Gene Kim (00:31:48):
At the core of that story is the Kanban card, where each one of these line-side store changes boils down to an envelope with a to and a from and what you need, and you could change the to and the from seamlessly, easily, without telling other parts of the system. So there was no risk of causing chaos and disruption, which is exactly what that VP of manufacturing from the US plant was describing, where you miss something in the MRP system, you risk actually taking a whole plant down. A friend of mine said, "Oh, that's information hiding." To me, that was just such a startling insight, because I thought of information hiding really very much in the software domain. I never thought something like a Kanban card could be a manifestation of that.
Gene Kim (00:32:34):
So you then pointed me to the work of Dr. David Parness that was actually also unsettling to read, because I think what he is trying to convey is that information hiding is more difficult than it looks even for a small system. So can you describe why that is? Is there an easy answer for that? Maybe react to the statement, because I guess the reason why I found this so unsettling is that the job of any leader is to define the system-level goals, start identifying roles and responsibilities, and start decomposing the problem so that teams can work more independently or [inaudible 00:33:15] can be worked in smaller pieces. It seems like if we can't even do that right repeatedly, then we really have a big problem. What is your reaction to that?

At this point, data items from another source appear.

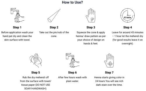 6 Fresh Quality Kaveri Dark Brown Natural Henna Mehndi Cones Temperory Tattoos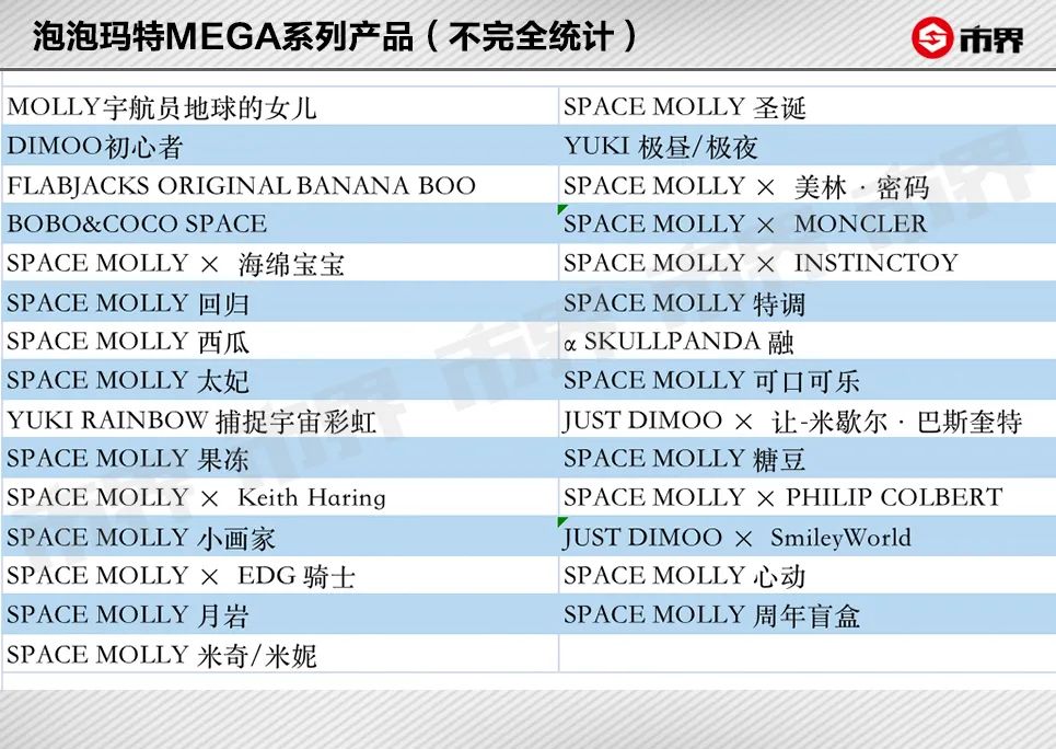 市界从泡泡玛特官方公众号及年报统计,至今其共发售MEGA系列潮玩至少有29款。据泡泡玛特近期的一份会议纪要,MEGA产品线2022年上半年的收入已经超过了2021全年。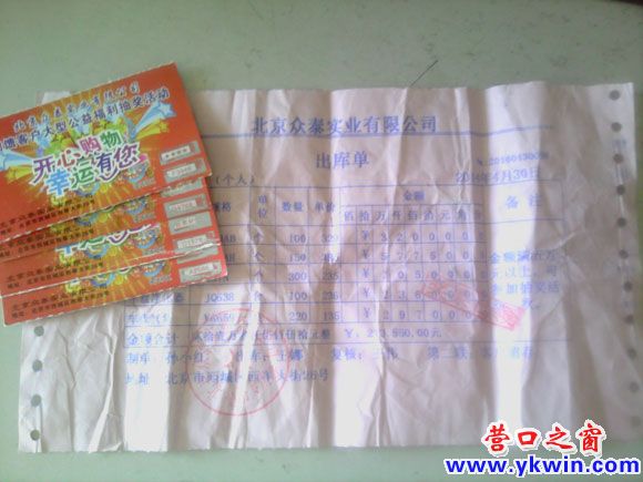 李女士撿到的出庫單上標(biāo)示是北京眾泰實(shí)業(yè)有限公司出庫單,總金額是21萬多,備注信息是五萬元以上參與抽獎一次,所以有四張刮獎卡,另外,在這張出庫單上可以看到兩個印章分別是北京眾泰實(shí)業(yè)有限公司財務(wù)專用章和獎票已領(lǐng),還有公司的地址是北京市西城區(qū)西單大街26號,在刮獎卡上附有聯(lián)系方式。
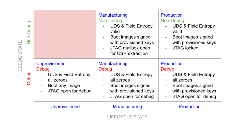 As an extension to controlling configuration, the Silicon RoT must control the security states (for more information, see Caliptra Security States). Certain security states by design grant full invasive capabilities to an external operator, for debug or field analysis.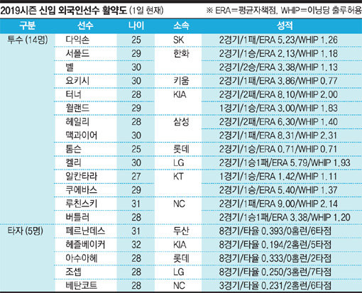 다만 개막 8경기를 통해 밑그림이 드러난 부문들도 엿보인다. 그중 하나는 올해 처음 한국무대를 밟은 신입 외국인선수들의 활약상이다. 투수 14명, 타자 5명으로 모두 19명이다. 시기적으로 이른 만큼 제한적 평가만 가능한데, 적어도 ‘효자 외국인선수’가 될 만한 후보들은 벌써부터 눈에 띈다.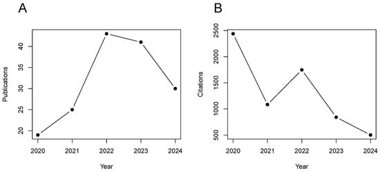 Systematic literature review: (A) exhibits the distribution over time of publications reviewed, and (B) presents citations associated with reviewed articles by publication date.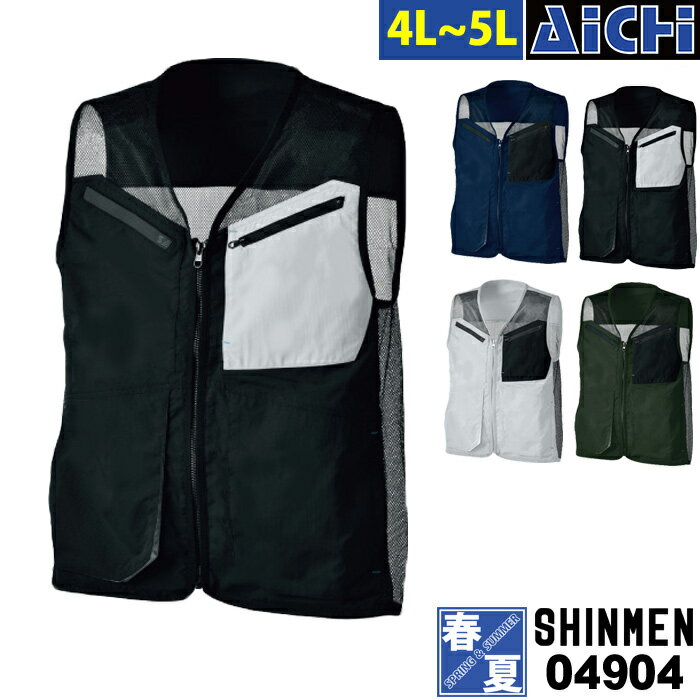 [メール便-送料無料] SHINMEN シンメン 作業服 04904 エア ストレッチ ドライ ベスト 春夏 4L 〜 5L | 上着 作業着 軽量 吸汗速乾 黒 紺 グレー カーキ 大きいサイズ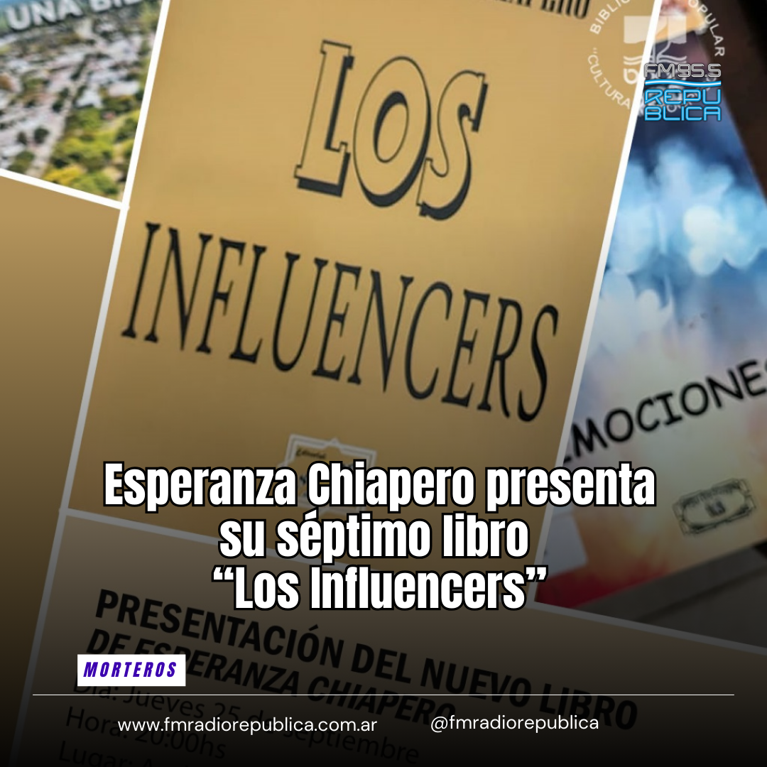 24/09/2025 - La escritora morterense Esperanza Chiapero presentará su nuevo libro “Los Influencers” el jueves 25 de septiembre a las 20:00 hs, en el Auditorio de la Biblioteca Popular “Cultura y Progreso”. Se trata de la séptima obra de la autora, en la que aborda con profundidad las razones y el trasfondo del conflicto en Medio Oriente, con especial foco en el territorio de Israel. La actividad es abierta a todo público y con entrada libre y gratuita.
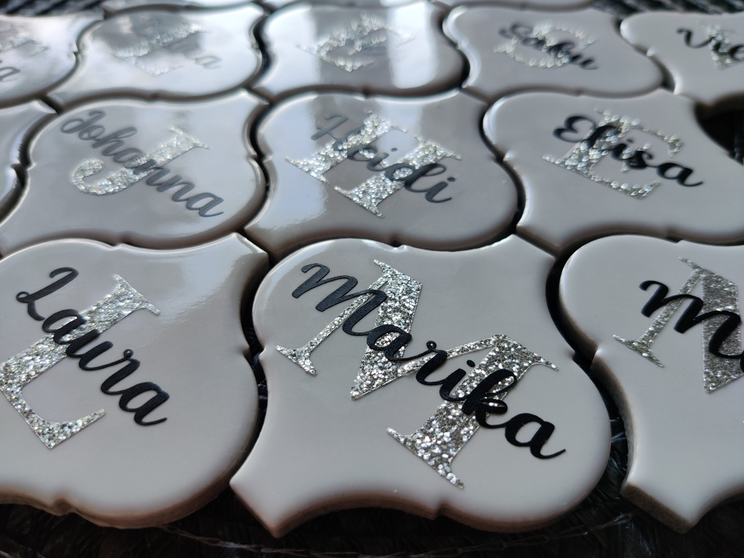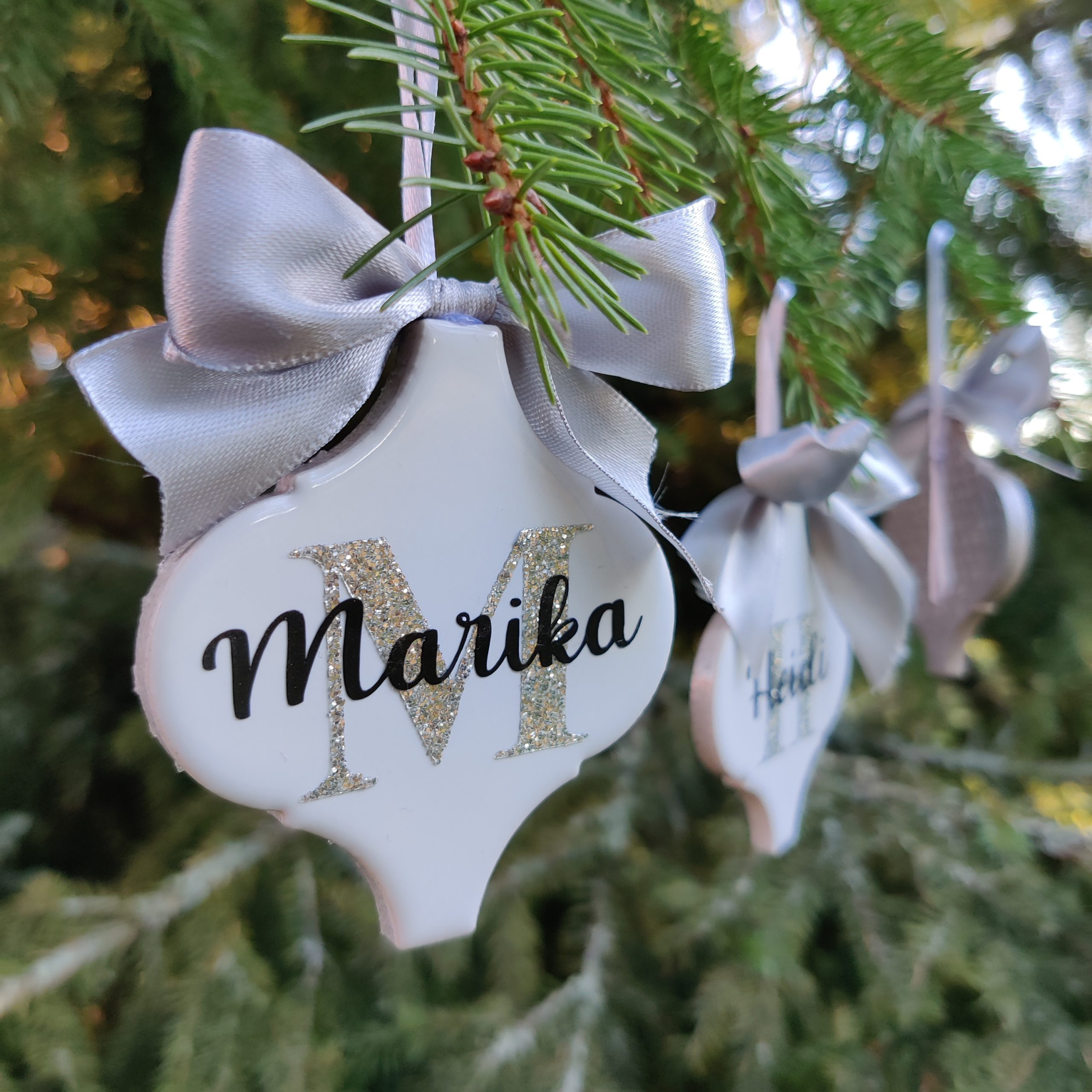 Ornamenttikoriste nimellä ja kirjaimella 7e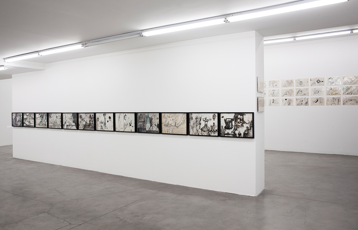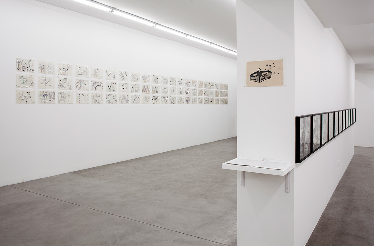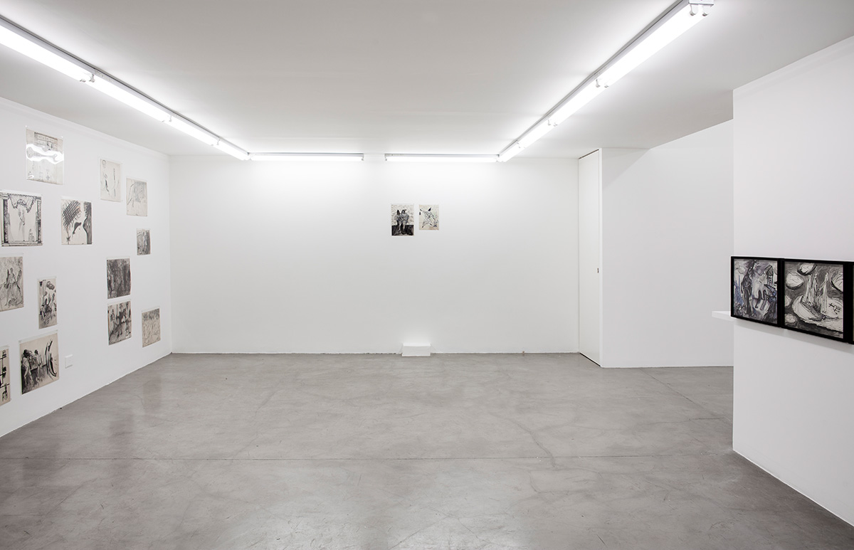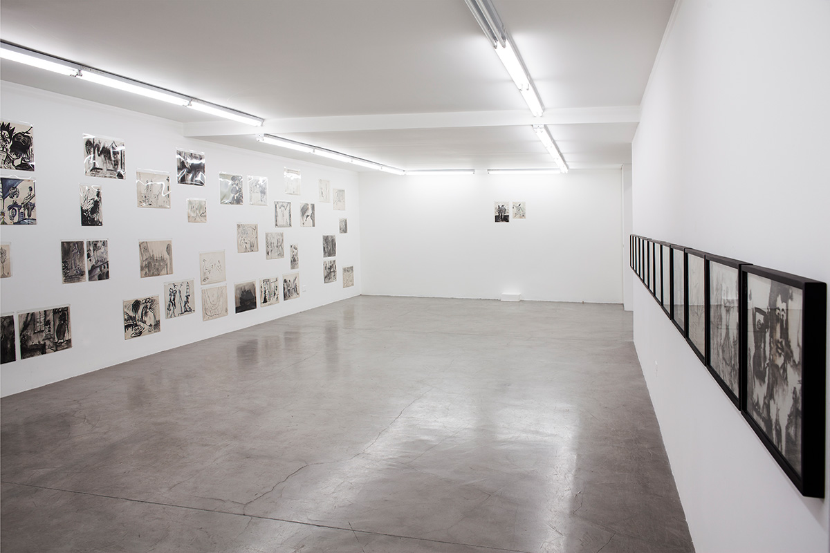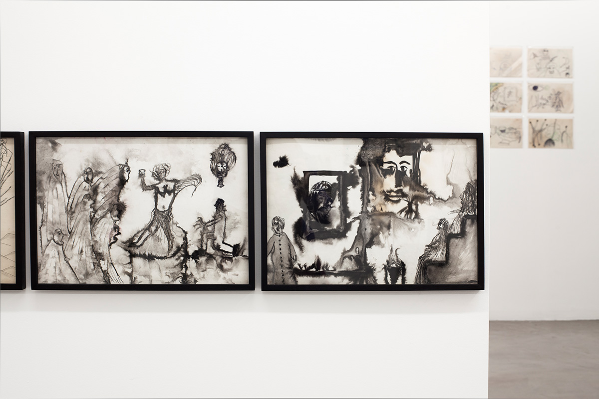 These works on paper are not sketches. Though they aim for immediate release, they are bound to micro-stories that tend to cluster regardless of temporal distance and difference in image. What binds them is a youthful sense of justice. With thin line, SGS constructs elongated characters, women walking dogs, dancers with exaggerated curves, but also a shapeless figure pissing on paintings or a dead man rising. The ways of envisioning the set, of activating its images, range from the most obvious and biased to the most personal and biographical: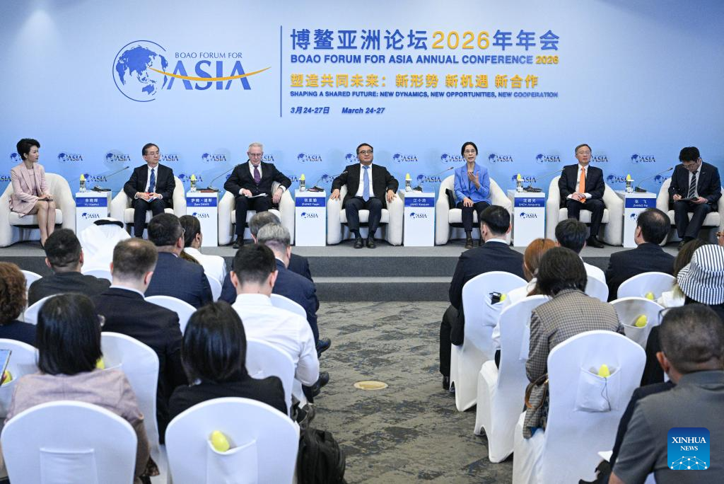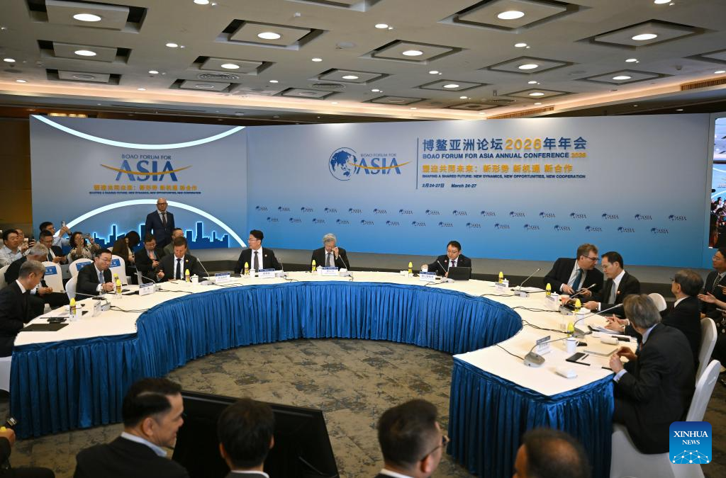 A panel discussion themed on "Unlocking the Greater Potential of RCEP" is held during the Boao Forum for Asia (BFA) Annual Conference 2026 in Boao, south China's Hainan Province, March 25, 2026. (Xinhua/Pu Xiaoxu)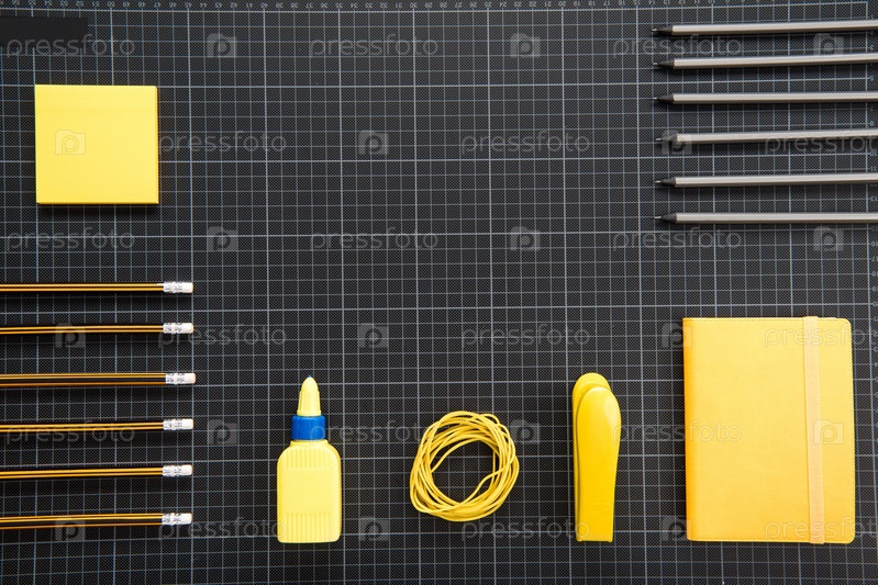 Набор канцтоваров на черном фоне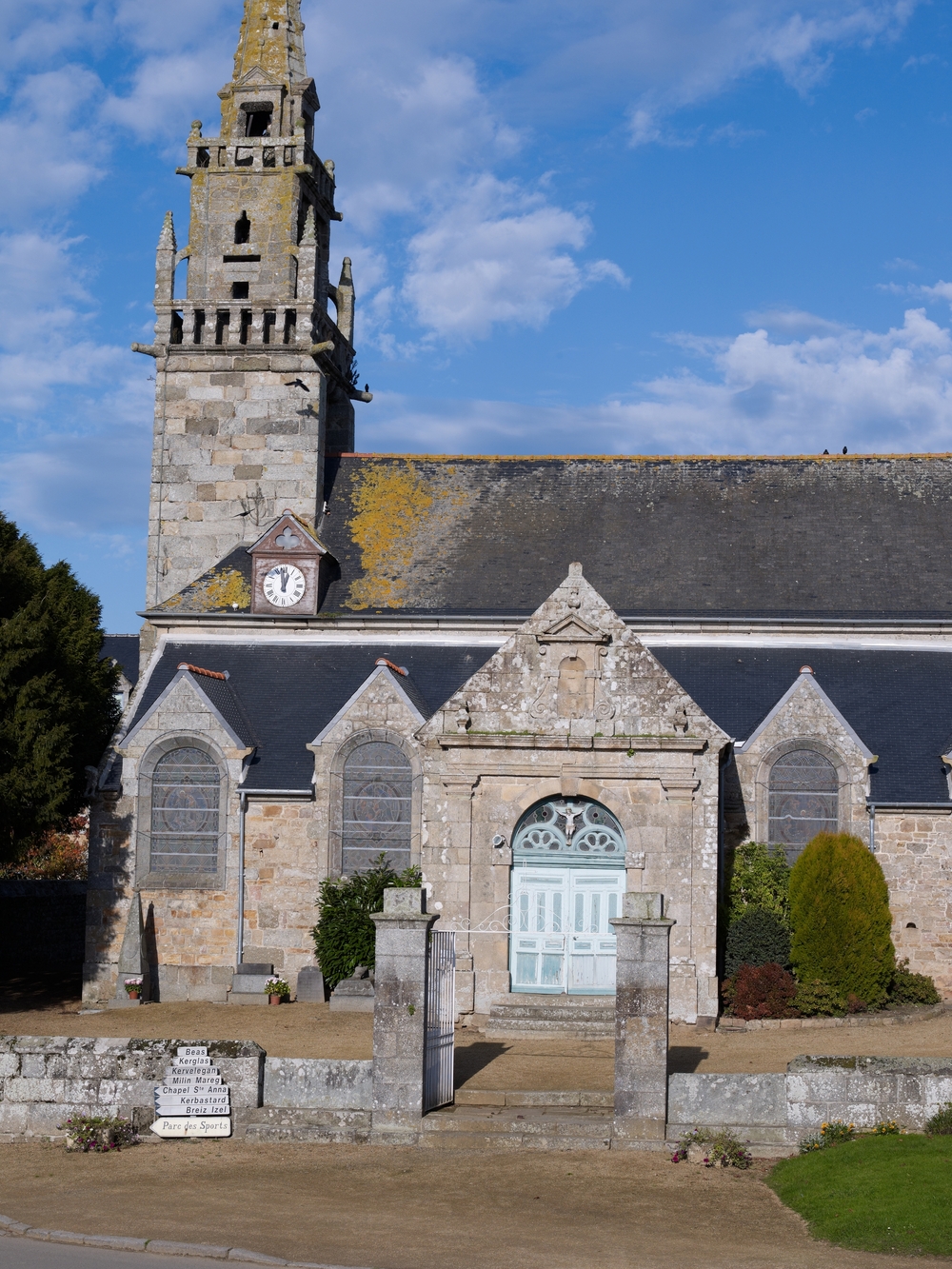 Prat, le bourg : église paroissiale Saint-Pierre, clocher et porche sud, vue généraleImmatriculation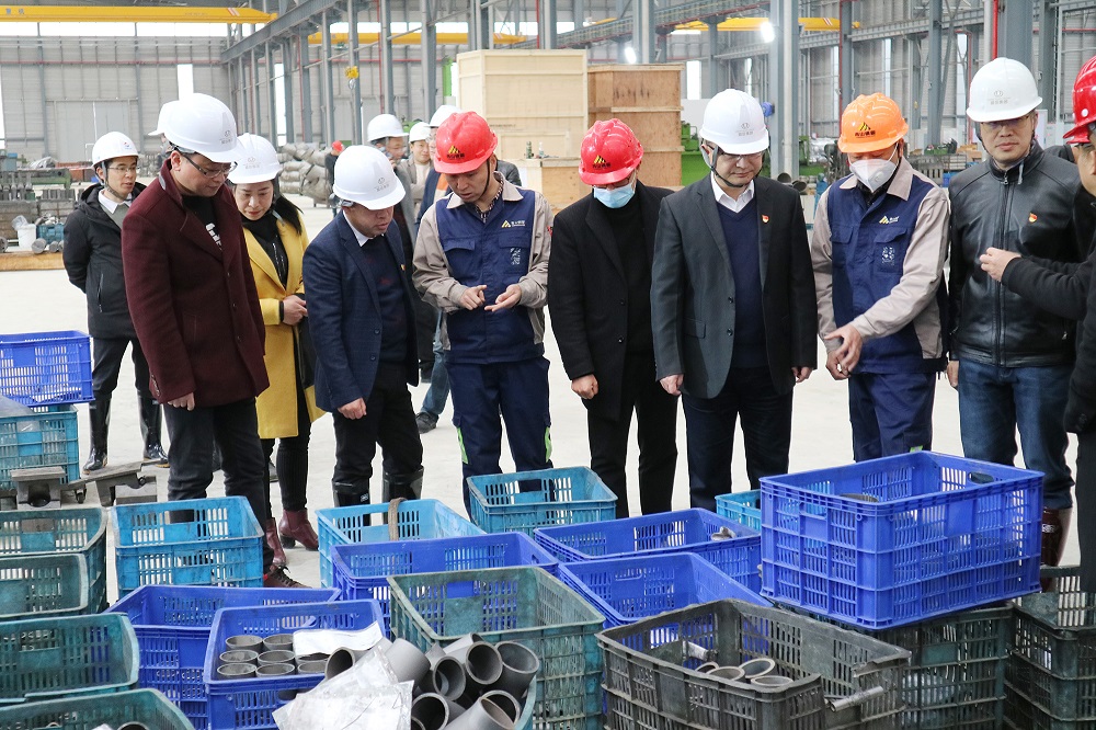 袁华军一行参观考察了J9国际站登录钢管管件事业部生产车间,宋光明和车间主管方威对产品种类、主要工序、生产规模等情况做了详细介绍。听取介绍之后,袁华军对产品特点和设备操作、机械自动化等细节提出了相关问题,彭洪林等一一作出了解答。袁华军对J9国际站登录钢管在不锈钢产业园区企业中起到的带头作用和在周宁的影响力给予了肯定,并表示:期待J9国际站登录钢管在接下来的发展中能取得更加显著的成绩。

Dr. Gail Murphy (00:33:24):
Well, I do think we have a big problem to be able to solve. David Parness in his 1972 paper talks about the quick system as a really small system to show the impact of information hiding, so showing how different architectures allowed different kinds of changes, and the one with information hiding allows the most kinds of changes independently. That's a super small example.
Gene Kim (00:33:49):
Dr. Gail Murphy (00:33:49):
With a super small example, you can keep the constraints. You can keep what you need to build almost in your brain as one item and start making those trade-offs and thinking through them. I think as we build-
Dr. Gail Murphy (00:34:03):
Start making those trade-offs and thinking through them. And I think as we build bigger and bigger systems, we lose that ability. We can no longer think about it as one thing. So we have no ability to ever think about just the system environment and start breaking it down because there's so many interactions there. So by definition, almost, we can never get to that place where we can hold it all in our brain and start to do the decomposition in a way that we remember all of the system constraints at once. And so we're going to have leakage in a sense in how we start subdividing it. At the same time that we're doing that, we know that we need to build on the shoulders of others to be able to build these complex systems. So we start to rely on libraries, we start to rely on components other people have made. And as we do that, we start to rely on these supply chains, which are these stacked Lego blocks to some extent. And at some point we don't even know what's in all of our Lego stack that we're building on.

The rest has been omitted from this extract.